# Exterior front door casing damage by interior trim carpenter



## sahk (Jul 5, 2013)

My front door had not closed properly in years -- it stuck in a couple different places, took a really heavy hand to open it, and was just plain out of alignment (the easiest way I can say it). My interior trim carpenter said he would fix it as he was there doing other projects in the house. He removed the interior door casing to add shims and align the jamb. While it appears he fixed it from the inside (the door doesn't stick and opens smoothly now), you will see that the exterior casing on the opposite side has now protruded out about 1/4 to 1/3 inch. The separation is on the handle set side only, both top and hinge side did not separate. 

My question is how severe is this? Is it something that can be expected when he fixed the alignment and jamb? Can I simply caulk the exposed area and repaint it? Or do I need to do something more, like install new casing for the exterior side of the door?
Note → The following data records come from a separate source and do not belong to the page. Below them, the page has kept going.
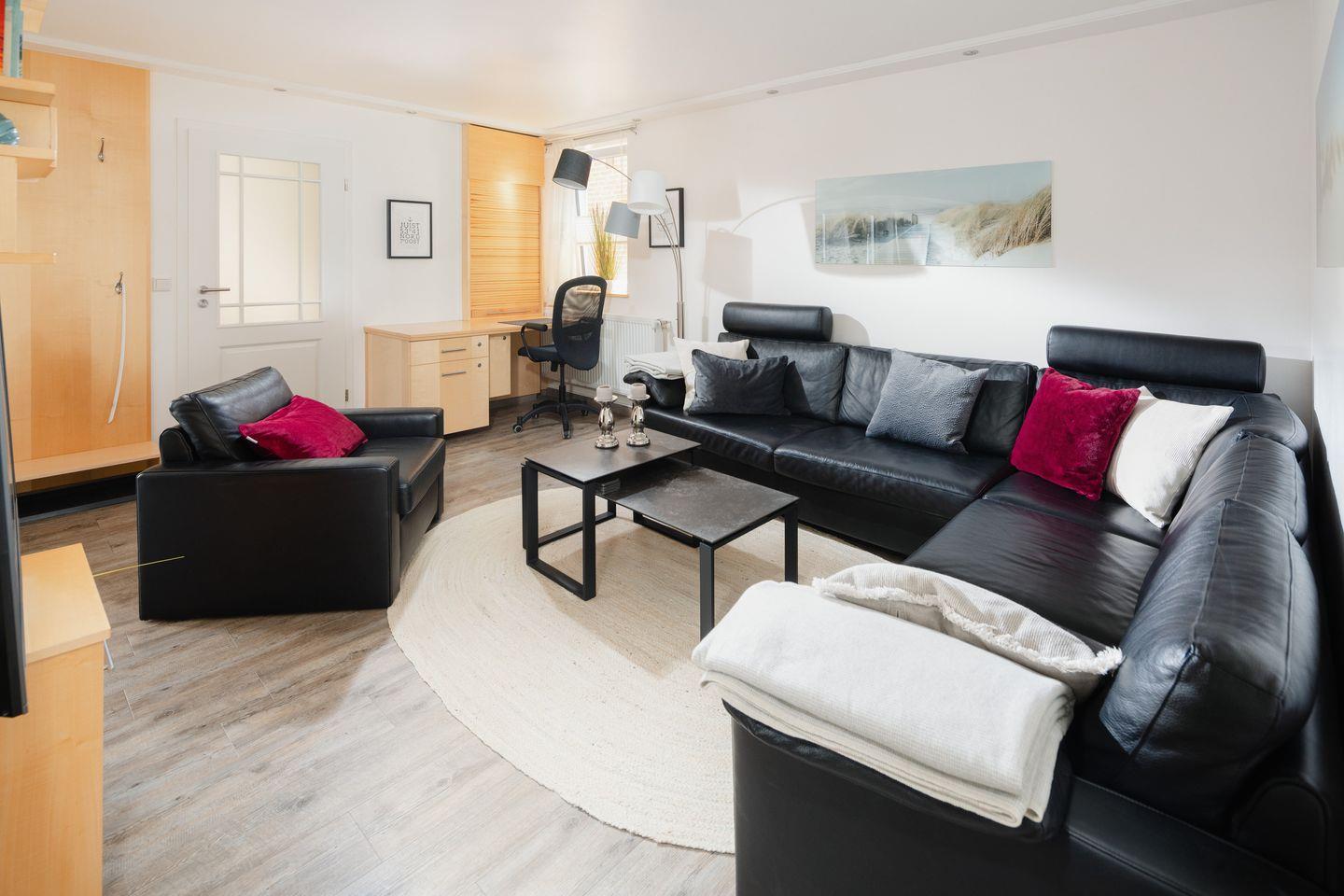 Ein großer Fernseher, das gemütliche Ledersofa, zwei getrennte Schlafzimmer (beide mit Doppelbetten, eines mit zusätzlichem Fernseher) sorgen für Entspannung. Im großen Badezimmer mit Doppelwaschbecken und Dusche befindet sich auch die gemütliche Drei-Personen-Sauna. Saunatücher sind vorhanden!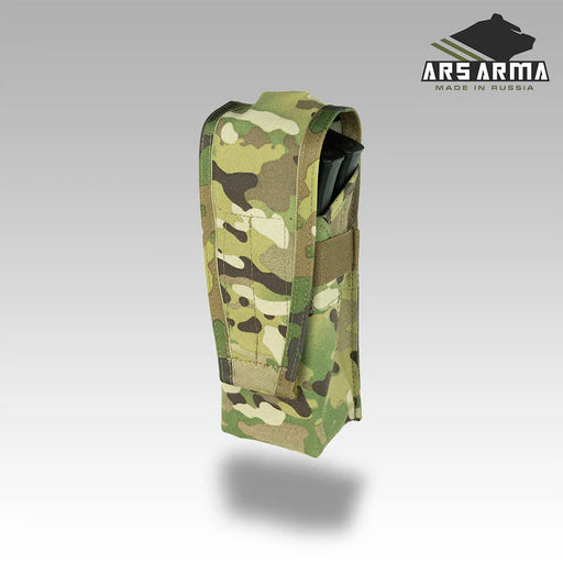 The pouch design allows for easy insertion or removal of a magazine with one hand. The pouch features a rigid outer wall and an internal divid...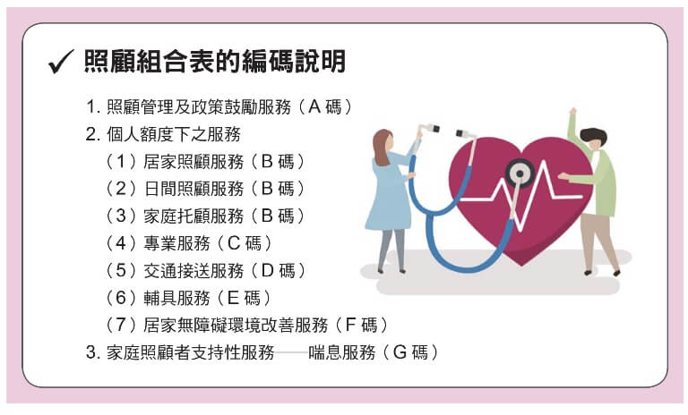 以長照需要等級是第七級的呂奶奶為例,對照「表一」可發現原本的「照顧及專業服務額度」,政府每個月可補助32,090元,但因為已請外籍看護,所以被限縮到只補助30%,也就是9627元左右,這9627元只能用於「專業服務」,例如:營養照護、復能照護等,至於屬於組合表中B碼的「照顧服務」,像是日間照顧、居家照顧服務等,則不能使用。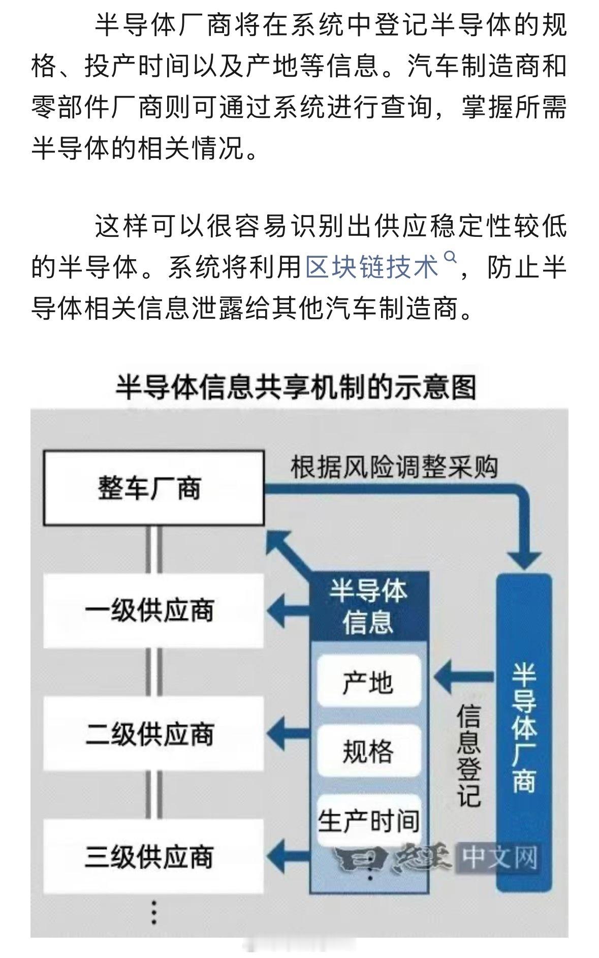 日本汽车行业这些年受到芯片影响很大(本身不像中国这里这么灵活),所以零部件工业协会计划建设一套共享半导体信息的系统芯片企业在系统中登记半导体的规格、投产时间以及产地等信息(这事情似乎中国也需要做一套)车企和零部件厂商则可通过系统进行查询,掌握所需半导体的相关情况,系统将利用区块链技术当然后续存储这块的价格飙涨,也让汽车完全暴露在半导体供应周期的影响之下,不能独善其身,也确实是要一个完善透明的芯片供应机制来对抗供应链的脆弱性大v聊车芯片

Thank you all for your input! Seems like you fix one thing in an old house and it leads to two things breaking.


----------



## gowings (Jun 17, 2013)

2 options. 


I would get some expandable foam in the can. For windows and doors. It has minimal expansion. Fill the void/ crack flush with the wall or a little less leaving a say 1/8" then I would caulk it with exterior latex caulking. Since the door was reset and now is closing properly you have little choice.
Get some molding to hide the now shown crack, paint and caulk it.


----------



## DaveTTC (May 25, 2012)

If the casement feels solid and secure and you are happy to fill and paint then that is all I would do. In Australia we have a variety of gap fillers you squeeze out of a tube with a chalking gun. 

A better brand (here Selleys No More Gaps) is the choice as the paint does not seem to crack as frequently compared to painting over a cheaper filler.


----------